Jesus has chosen the easier thing to
say first. Why? We can only speculate. But I suspect that it’s because he judged
that fear of his sin was this man’s
greatest spiritual need. But now, Jesus
turns this small spiritual intervention into an empiric victory over the
Scribes around him. ‘So,’ he effectively
says to them, ‘if forgiving sins is the easier thing to say, I’ll now say the
more difficult thing…and you watch what happens! Arise and walk!’. When the man stands up, the Scribes are even
more stunned. For clearly Jesus has
power – and clearly he has enormous faith.
Could this really be the Messiah?
Ultimately, then, this is story about
faith. The paralytic has faith that
Jesus can heal him. He has faith in his
friends to get him to Jesus. The friends
have faith in Jesus too, otherwise they would not bother to help their
paralysed friend. Jesus has faith, that his own command to ‘arise and walk’ will be
effective. Each person at the heart of
this story exercises their faith – and great things happen.
The Scribes? Not so much.
Their belief in a set of
abstract theological concepts prevents them from seeing with the eyes of
faith. They are blind to what is happening
before their very eyes, because their closed-minded concepts of what God is
like, and how God acts, prevents them from seeing God at work!

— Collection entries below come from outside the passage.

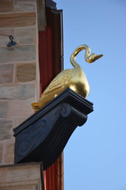 Nach der Montage auf dem restaurierten Sockel und der feierlichen Enthüllung durch den Fürther Oberbürgermeister grüßt der Schwan jetzt wieder von seinem angestammten Platz die Besucher des Grünen Marktes in der Fürther Altstadt. Hier finden Sie einen Artikel zum Goldenen Schwan im FürthWiki…
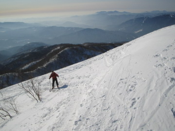 | まっちゃんとゲレンデでスキー特訓をすることになった! 諸々の事情で行き先は高鷲スノーパークに決定。 せっかく高鷲まで行くので大日ヶ岳を往復する。ゲレンデTOPからあっという間に頂上へ。 大日ヶ岳(1709m)の頂上は360度の大展望☆ 北アルプスや中央アルプス、白山・御嶽山がすっきりと見渡せる。 少しだけ大日谷に滑り込んでみると雪質は最高ではないが最低でもなかった。 シールを貼って頂上にもどりだらだらとパンを食べたり寝転んだりする。 かます谷にも滑りこもうかと覗き込むが登り返すのがしんどそうなのでやめる。 結局来た道を滑って高鷲スノーパークに戻り終了。 あとはひたすらゲレンデでスキーの特訓でした。 |
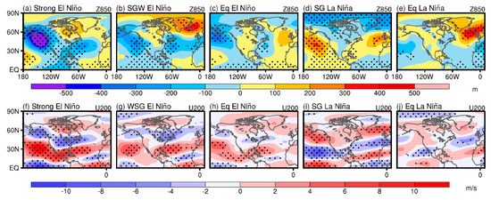 DJF 850-hPa geopotential height (Z850; m) composite differences of (a) strong El Niño—neutral, (b) WSG-El Niño—neutral, (c) Eq-El Niño—neutral, (d) SG-La Niña—neutral, and (e) Eq-La Niña—neutral. (f–j) same as (a–e) but for zonal wind at 200-hPa (U200; m/s). The dots in each panel represent the region with anomalies significant at the 90% confidence level (Student’s t-test).
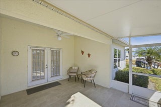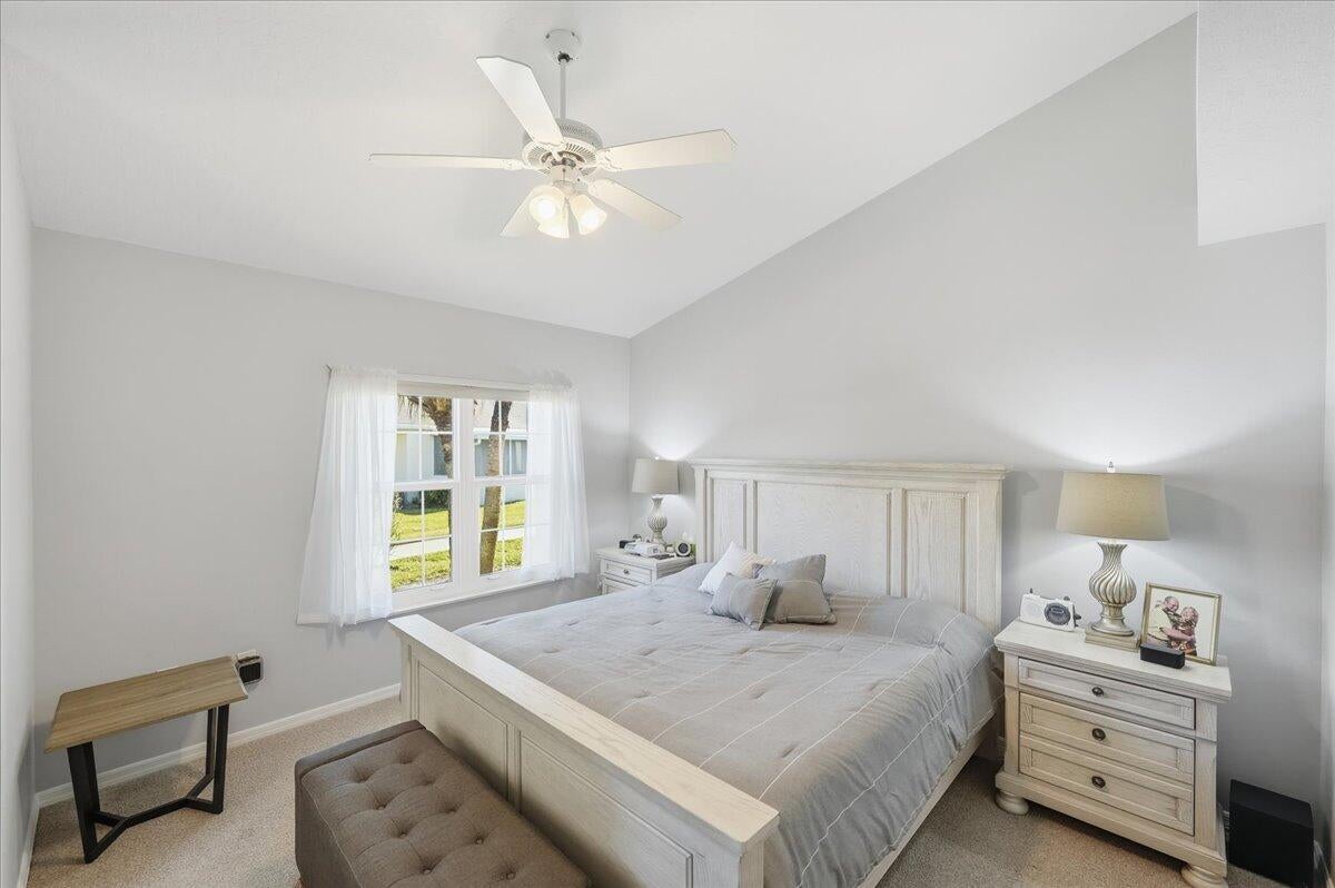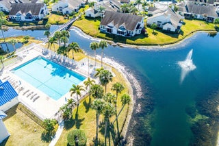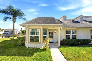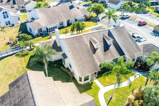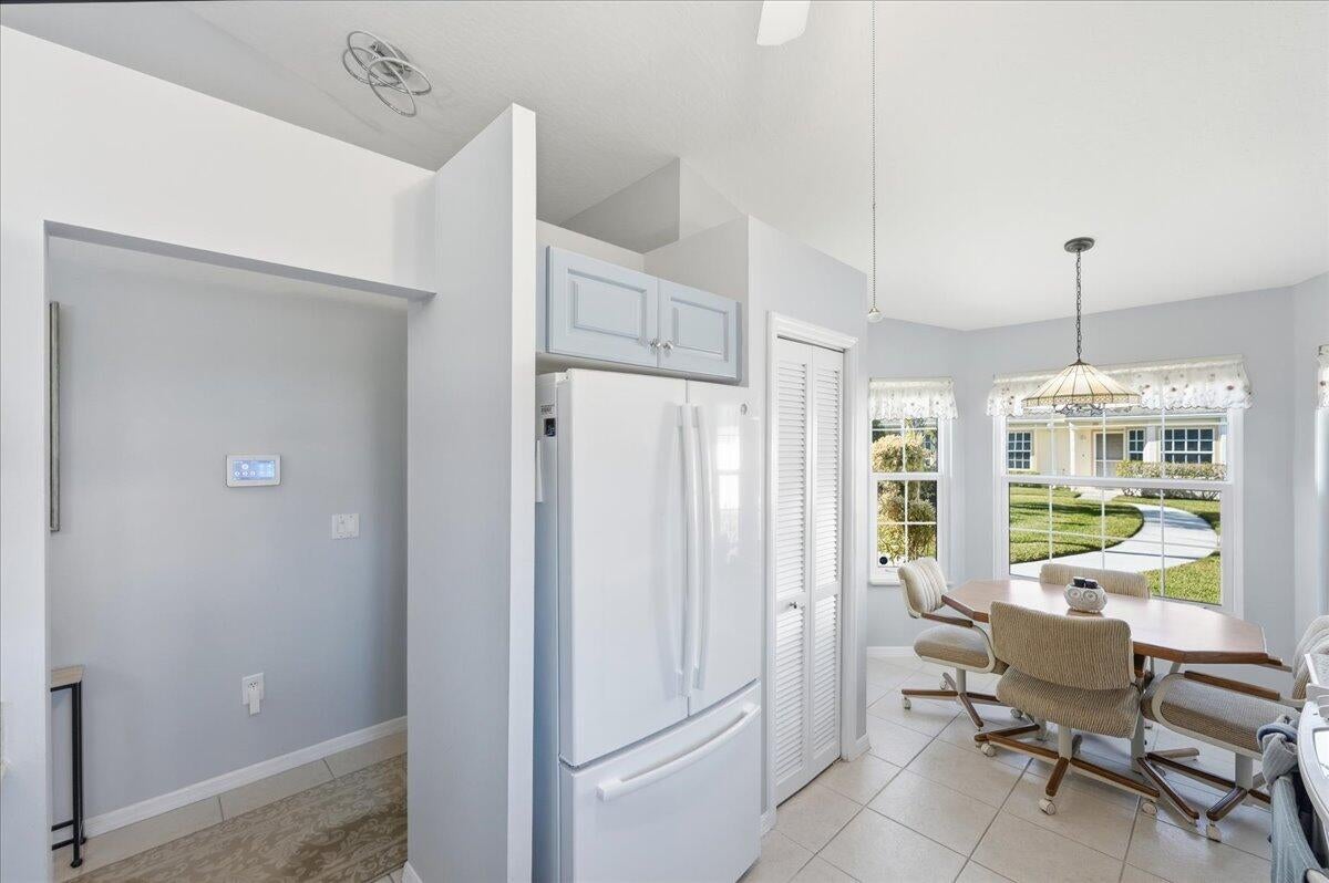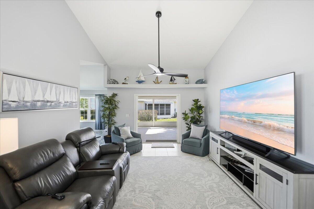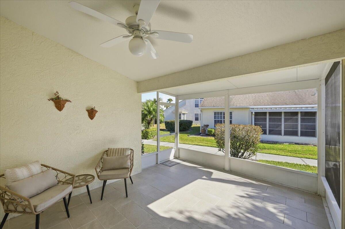 Welcome to this beautifully maintained 2-bedroom, 2-bath lakeside villa with a private garage and versatile den, offering a light-filled, open layout. High vaulted ceilings enhance the sense of space, while the inviting eat-in kitchen overlooks the lake and garden courtyard and features pull-out cabinetry, pantry storage, and ample workspace. Recent updates include a newly tiled lanai and fresh interior paint throughout, adding to the home's bright, move-in-ready appeal. Enjoy peace of mind with major improvements including A/C (2019), roof (2017), water re-pipe (2023), impact PGT windows (2022), and storm panels for doors.Additional highlights include pull-down attic access under air, top-down/bottom-up blinds, and a spacious den/family room with serene lake and clubhouse views. The large screened porch offers a full-size laundry closet and comfortable outdoor living space. The low HOA covers the roof and exterior maintenance, helping keep insurance costs affordable. Residents enjoy resort-style amenities including a heated pool and spa, tennis and pickleball courts, and a fitness center. Conveniently located near shopping, I-95, and golf, and just 8 miles to the beach, this exceptional villa offers comfort, value, and the best of Florida living.
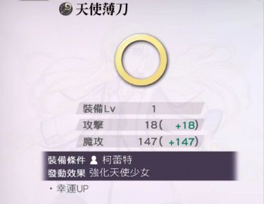 专武-天使薄刀:物攻/魔攻:18/147,幸运值+25 (不推荐日常使用,魔攻过低,新人可以用来过度)
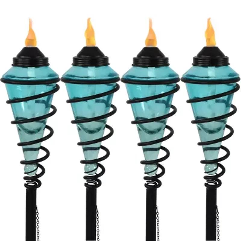 This set of 4 torches features beautiful, colored glass fuel containers that are attractively illuminated by torch light. The torches are encased in a metal casing that swirls elegantly for a contemporary or modern look to your backyard or other outdoor setting. Plus, this set of torches includes 4 fiberglass wicks that burn longer than regular wicks so you can keep the night going effortlessly. The fuel containers may be filled with torch or bio ethanol fuel (please note, this set of torches does not come with fuel; fuel must be purchased separately). Safely extinguish the flame on each torch with the included snuffers, which are conveniently attached to each torch by a chain. The set also includes ground stakes and deck clamps, providing the option to use them in the yard or on the deck rails. The stakes also ensure that these torches will never blow away or easily fall down in harsh weather.
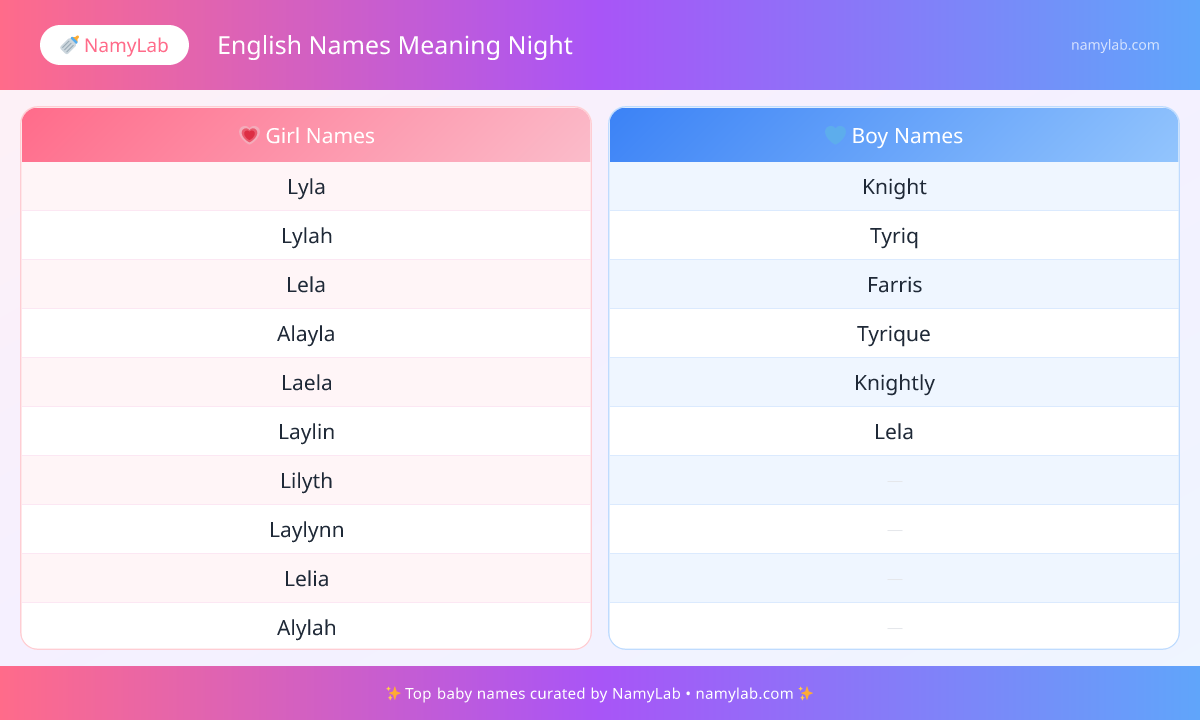 A quick look at popularity across english names meaning night can help you shortlist names that feel both meaningful and well-recognised.
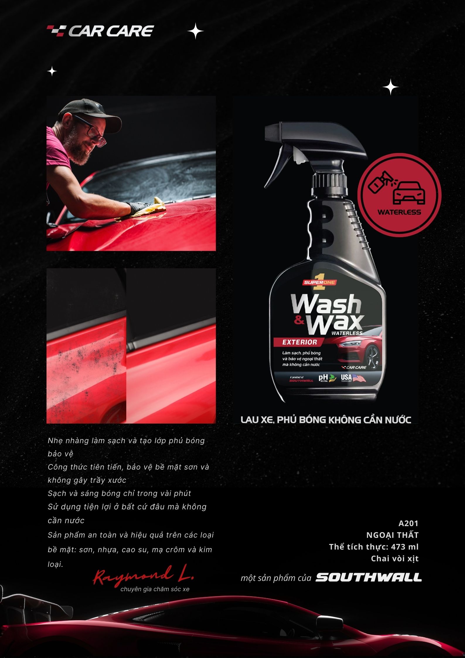 LÀM SẠCH, PHỦ BÓNG VÀ BẢO VỆ NGOẠI THẤT MÀ KHÔNG CẦN NƯỚC   Dung Dịch Lau Xe Và Phủ Bóng Ngoại Thất Không Cần Nước Super One Waterless Wash And Wax –
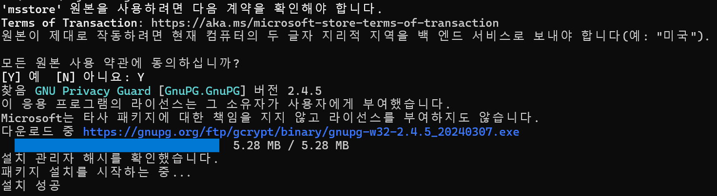 만약 gpg를 찾을 수 없다는 문구가 뜬다면
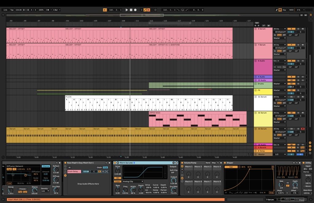 I’m a big fan of the Warm Up Lows effect in Ableton. When paired with an analog clip, a slightly higher-than-usual dry/wet setting and an extra 2–3 decibels of drive can add a rich, warm texture that really enhances your preset.
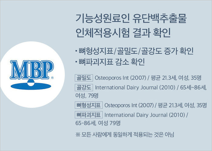 MBP는 우유속에 단 0.005%만 존재해서 우유 200ml 120을 마셔야만 하루 권장량을 겨우 채울수 있을 정도로 귀한 단백질인데요. 뼈를 튼튼하게 만들고 골밀도를 높이는 데 도움을 주는 성분으로 알려져 있어요.
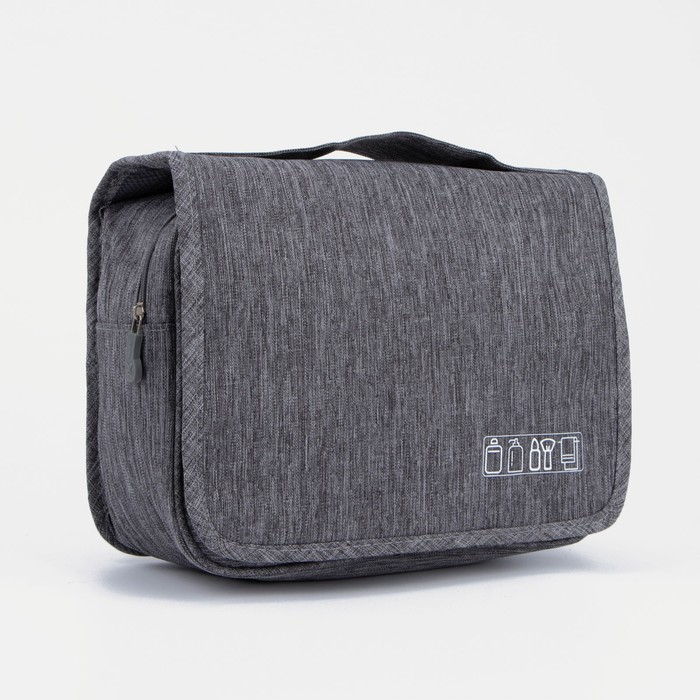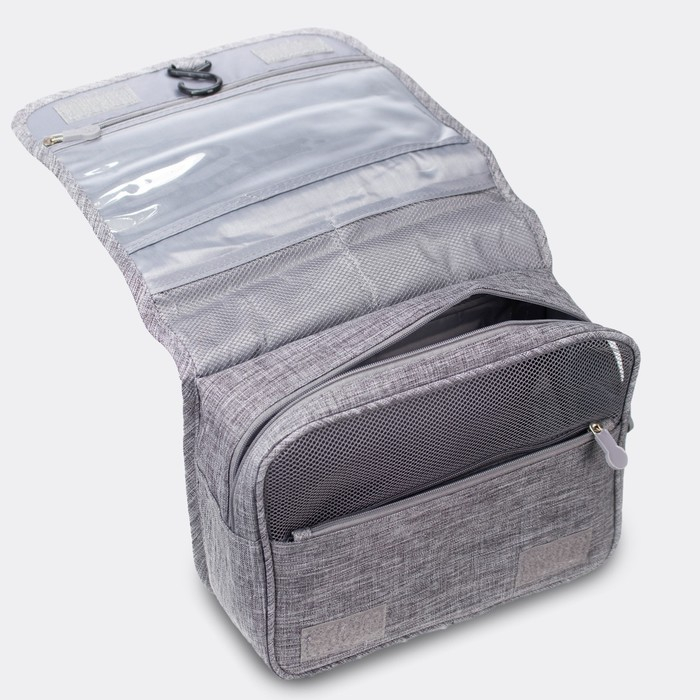 Косметичка-несессер на липучках, с крючком, цвет серый
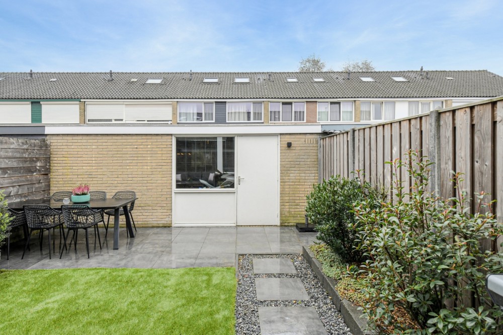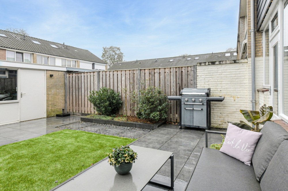 De voor- en achtertuin ligt op het zuid-oosten, is verzorgd aangelegd in 2018 en bestaat uit een combinatie van nette bestrating en kunstgras. Achterin bevindt zich een stenen berging met elektra en via de achterom is de woning ook vanaf de achterzijde bereikbaar.
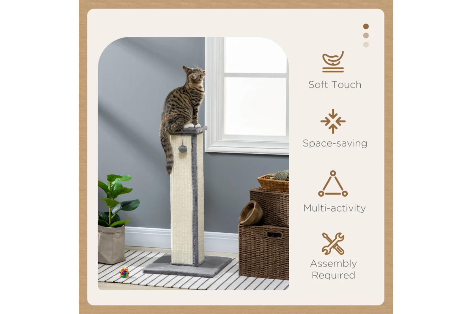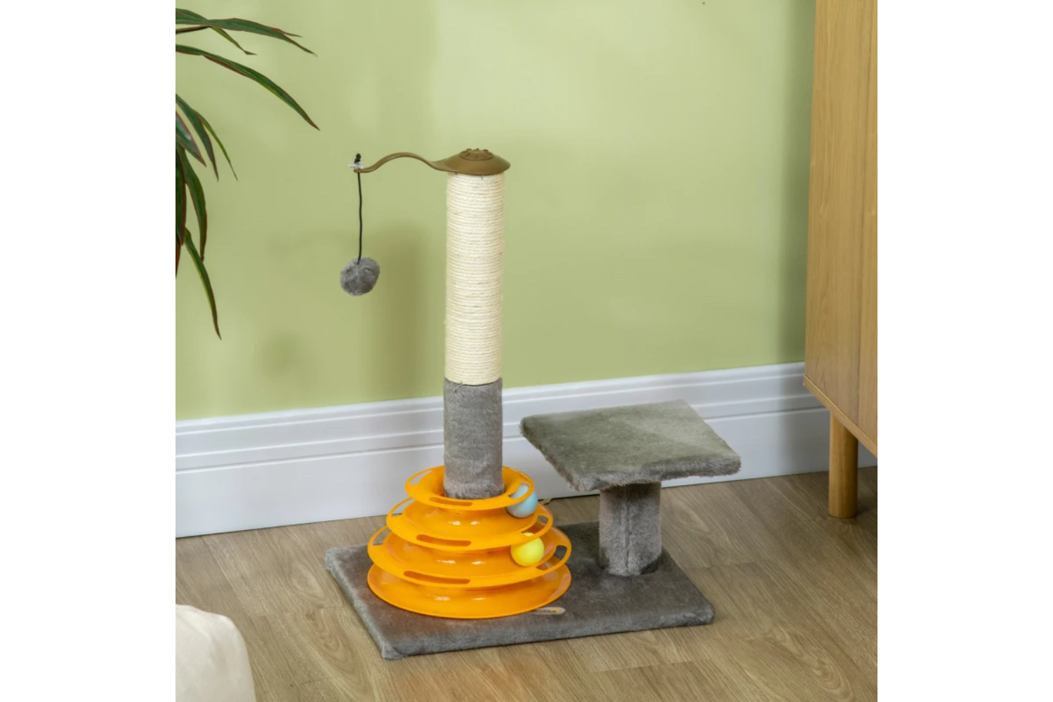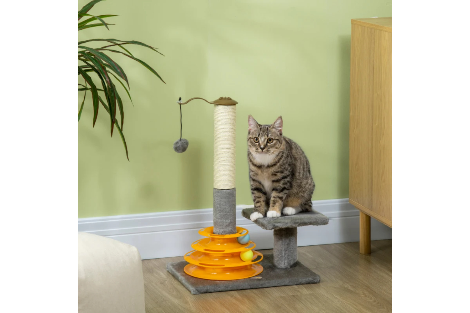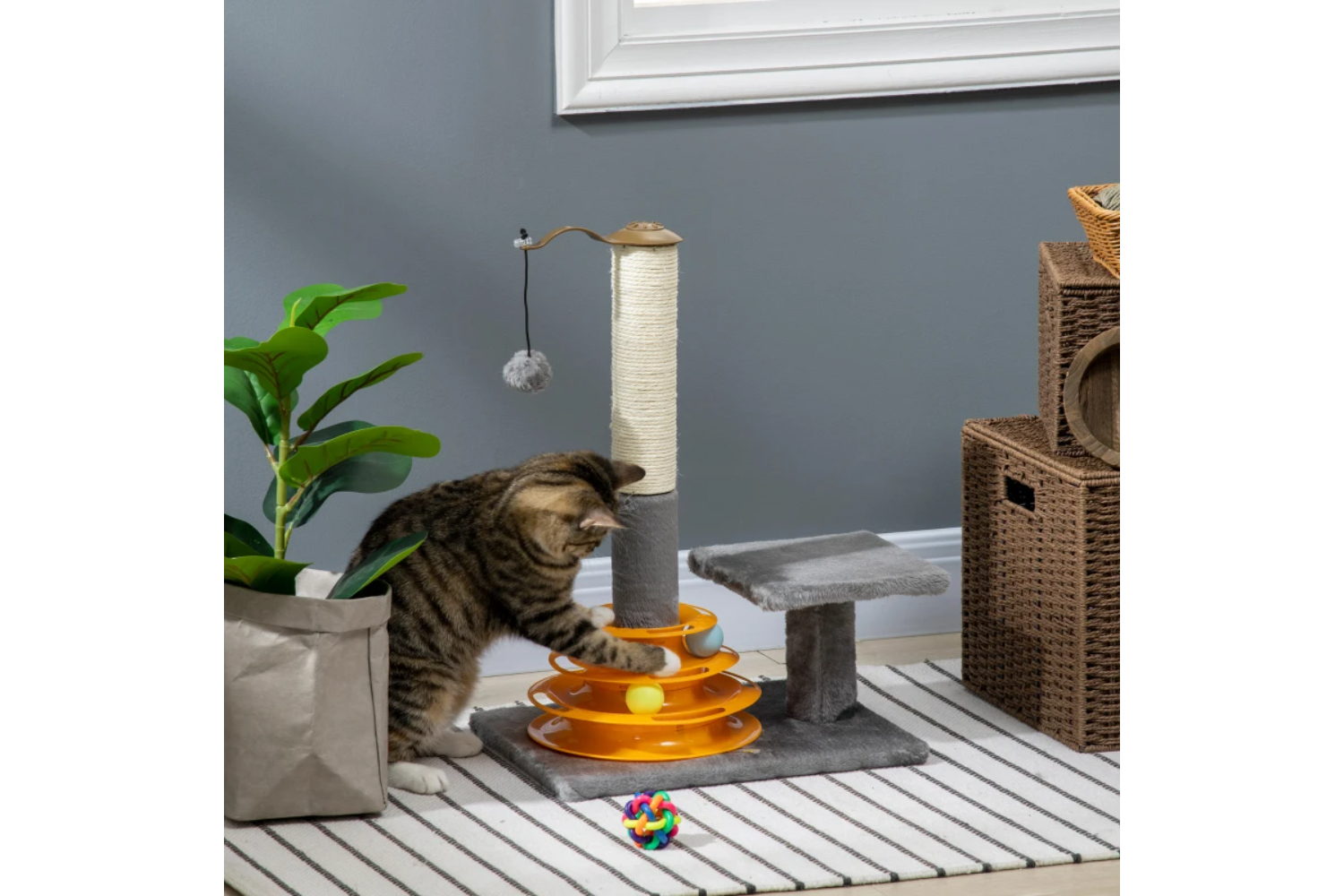 Satisfy your cat's natural instincts safely with this cat climbing tree from PawHut! This cat tree includes a sisal rope scratching post, a perch, a toy and a hanging ball toy for versatile play. Keep your furniture free of scratches and digs with this cat tower. Give your frisky felines a safe place to sharpen their claws on the cat activity center. From cat naps to play time, this cat tree gives your pets a place of their own to lounge, scratch and more.
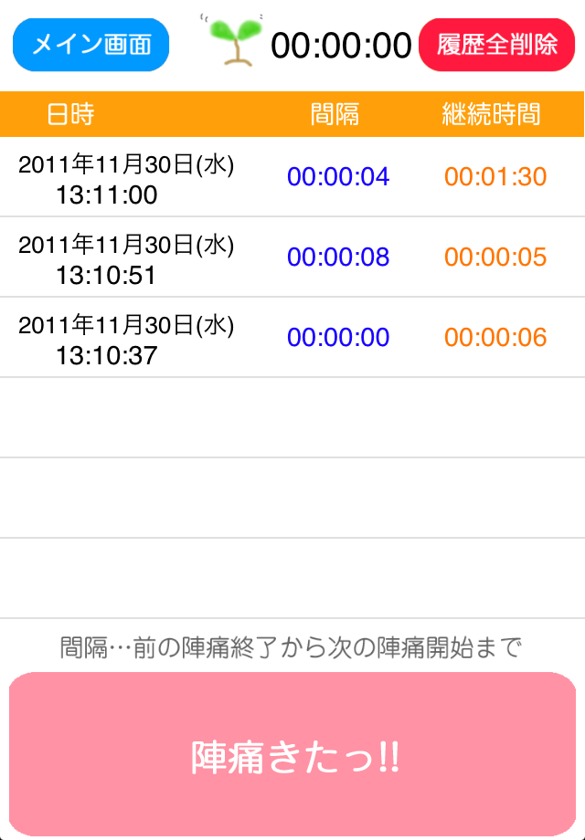 ボタン一つの簡単操作で 陣痛の起こった日時と陣痛の起こった間隔、陣痛の継続時間の計測が可能です。

And isn’t this true for us today as
well? Those who see with the eyes of
faith are able to glimpse the possibilities of taking action in the world. Whether that’s about deciding, by faith, to
continue loving our neighbour, and caring for those in need. Or whether it’s about deciding, by faith,
that each of us can make a contribution
to reducing the harm that all humanity is doing to the planet. Or whether it’s deciding, by faith, that it
is better to participate in a service like this one tonight, than to stay home.
Those who cannot live by such faith,
like the Scribes of old, are doomed to lives of cynicism and continual
darkness. They will not step out in
faith to help the poor or the sick, and so the poor and the sick will continue
to suffer. They will not have faith that
any efforts against Climate Change are worth it…and so, potentially, the sins
of the current generation will continue to pile up against the lives of their children
The question, then, for each of us, is
whether we will choose to live by faith.